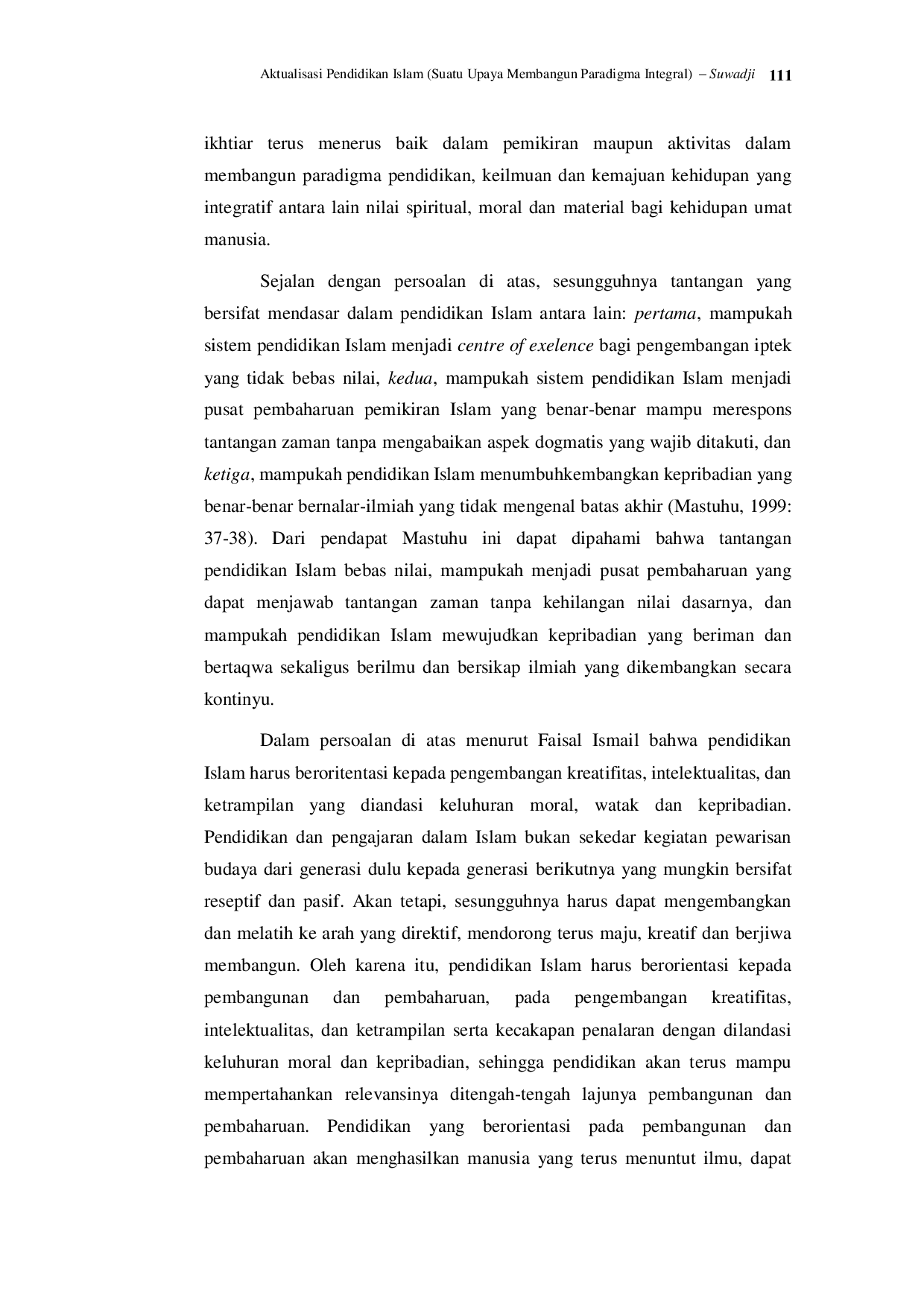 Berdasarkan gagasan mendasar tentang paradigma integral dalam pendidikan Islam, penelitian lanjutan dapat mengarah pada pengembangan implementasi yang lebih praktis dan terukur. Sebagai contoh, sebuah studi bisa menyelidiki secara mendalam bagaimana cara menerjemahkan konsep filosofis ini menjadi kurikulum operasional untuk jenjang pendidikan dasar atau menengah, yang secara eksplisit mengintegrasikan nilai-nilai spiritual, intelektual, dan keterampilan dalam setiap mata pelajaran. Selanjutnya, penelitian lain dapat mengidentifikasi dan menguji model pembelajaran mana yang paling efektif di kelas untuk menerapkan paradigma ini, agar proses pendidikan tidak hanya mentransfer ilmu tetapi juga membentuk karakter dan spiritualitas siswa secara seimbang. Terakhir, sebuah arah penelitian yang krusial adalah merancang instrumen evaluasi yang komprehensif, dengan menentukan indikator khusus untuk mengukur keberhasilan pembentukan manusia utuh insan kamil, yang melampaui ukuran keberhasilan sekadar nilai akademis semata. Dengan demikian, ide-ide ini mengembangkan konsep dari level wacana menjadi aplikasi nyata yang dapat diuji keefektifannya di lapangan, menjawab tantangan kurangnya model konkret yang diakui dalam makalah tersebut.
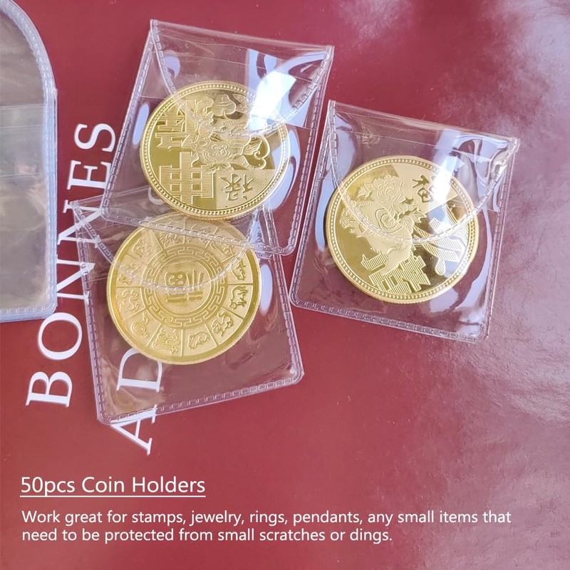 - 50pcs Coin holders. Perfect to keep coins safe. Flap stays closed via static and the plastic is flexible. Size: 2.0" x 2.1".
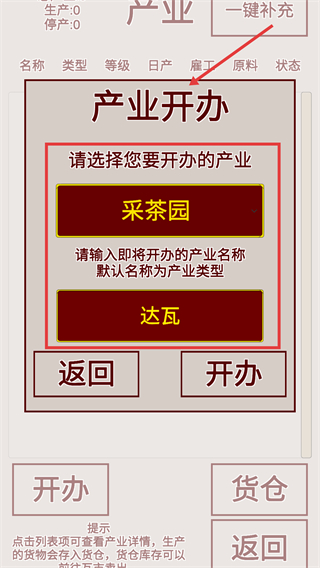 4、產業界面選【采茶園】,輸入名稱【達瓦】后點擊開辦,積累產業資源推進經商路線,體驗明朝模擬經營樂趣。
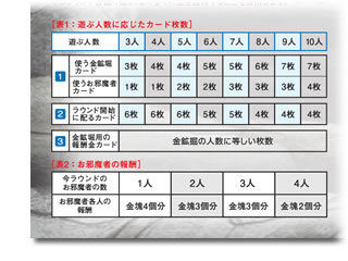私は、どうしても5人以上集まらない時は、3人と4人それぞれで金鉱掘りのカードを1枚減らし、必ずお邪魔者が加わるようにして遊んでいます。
---
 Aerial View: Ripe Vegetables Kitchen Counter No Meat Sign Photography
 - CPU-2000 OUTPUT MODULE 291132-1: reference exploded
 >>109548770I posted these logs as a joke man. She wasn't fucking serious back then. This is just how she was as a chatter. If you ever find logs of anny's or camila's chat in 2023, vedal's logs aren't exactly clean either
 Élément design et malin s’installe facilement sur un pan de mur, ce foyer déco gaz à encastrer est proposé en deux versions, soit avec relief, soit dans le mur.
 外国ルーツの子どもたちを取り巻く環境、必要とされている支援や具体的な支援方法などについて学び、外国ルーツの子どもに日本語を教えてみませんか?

Work item: Beginning with the line holding "4、產業界面選【采茶園】,輸" in the material above, restate word for word each line through the line holding "私は、どうしても5人以上集ま", and exclude pictures.

Written response:
 4、產業界面選【采茶園】,輸入名稱【達瓦】后點擊開辦,積累產業資源推進經商路線,體驗明朝模擬經營樂趣。
私は、どうしても5人以上集まらない時は、3人と4人それぞれで金鉱掘りのカードを1枚減らし、必ずお邪魔者が加わるようにして遊んでいます。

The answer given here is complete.